Они стояли посреди развалин и сверлили друг друга неприязненными взглядами. Вокруг суетились люди, слышались голоса, выли сирены, но только ярость набатом пульсировала в ушах. Бакуго смотрел на него мрачно, воинственно, со сжатыми до побеления губами и кулаками, на которых искрились смертоносные бомбы. Шото и сам не заметил, как активировал собственную причуду: огонь стремительно вырывался из левой стороны, а лед сковал правую:
— Мое дело? Может быть то, что я помог Изуку после того, как ты вышвырнул его из квартиры? Успокаивал его, когда он оплакивал ваши отношения? — повысил он голос, более неспособный подавлять гнев. - А может быть то, что каждую ночь просыпался и бежал к нему, когда он кричал от кошмаров? Обнимал вместо твоей чертовой футболки и наблюдал, как он ломается лишь при упоминании твоего имени? Кто, как ты думаешь, был с ним, когда он разваливался на куски?!

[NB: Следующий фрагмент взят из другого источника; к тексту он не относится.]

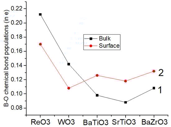 Our ab initio computed Re-O, W-O and B-O chemical bond populations (in e) for the ReO3, WO3, BaTiO3, SrTiO3 and BaZrO3 crystal bulk as well as their ReO2-, WO2- and BO2-terminated ReO3, WO3, BaTiO3, SrTiO3 and BaZrO3 (001) surfaces.

Руки тряслись, причуда выходила из-под контроля. Шото искренне не понимал, как Бакуго вообще смел спрашивать подобное? Стоять и делать вид, что переживает, когда исчез на два долгих месяца? Не звонил, не писал, игнорировал дружеские посиделки, делая вид, что Изуку и вовсе не существует. Они расстались, это правда, но почему нельзя было сохранить дружбу? Отправить короткий ответный текст, чтобы Изуку прекратил волноваться?! Как он мог после этого…
…плакать?
Шото не поверил своим глазам.
Покрытое пылью, свирепое лицо Бакуго Кацуки покрывали блестящие дорожки слез. Тот продолжал смотреть с тем же раздражением, яростным пылом, будто ничего и не чувствовал, но глаза выдавали его, став влажными, искренними, глубоко резонируя с его собственной болью. Больше не уверенный в выражении своего лица, Шото резко отвернулся, прикусив щеку со внутренней стороны. Теперь он испытывал полнейшее замешательство, потому что Бакуго выглядел действительно сожалеющим.
Крик одного из героев заставил его вздрогнуть и рывком обернуться:
— Деку! Деку! Ты жив!
Шото из тысячи бы узнал эти кудрявые волосы. Изуку выглядывал из раскрытого сейфа и улыбался, слабо махая ладонью. Его лицо, все покрытое кровью и пылью, казалось мертвенно бледным, почти прозрачным, но тот все равно находил силы на то, чтобы подбодрить окружающих. Рядом с ним оказалась девушка, которая унаследовала животную причуду: ее тело, одетое лишь в кожаный топ и шорты, было покрыто пятнистой шерстью, хвост дёргался нервно и рвано, уши прижимались к голове. Та лихорадочно оглядывала окруживших ее спасателей и врачей, выглядя так, будто вот-вот сорвется с места. Изуку, кажется, оставался в вертикальном положении лишь благодаря ее руке, мягко поддерживающей его за талию.
Зеленые усталые глаза, на секунду задержавшись на Шото, двинулись дальше и застыли на человеке, который стоял напротив.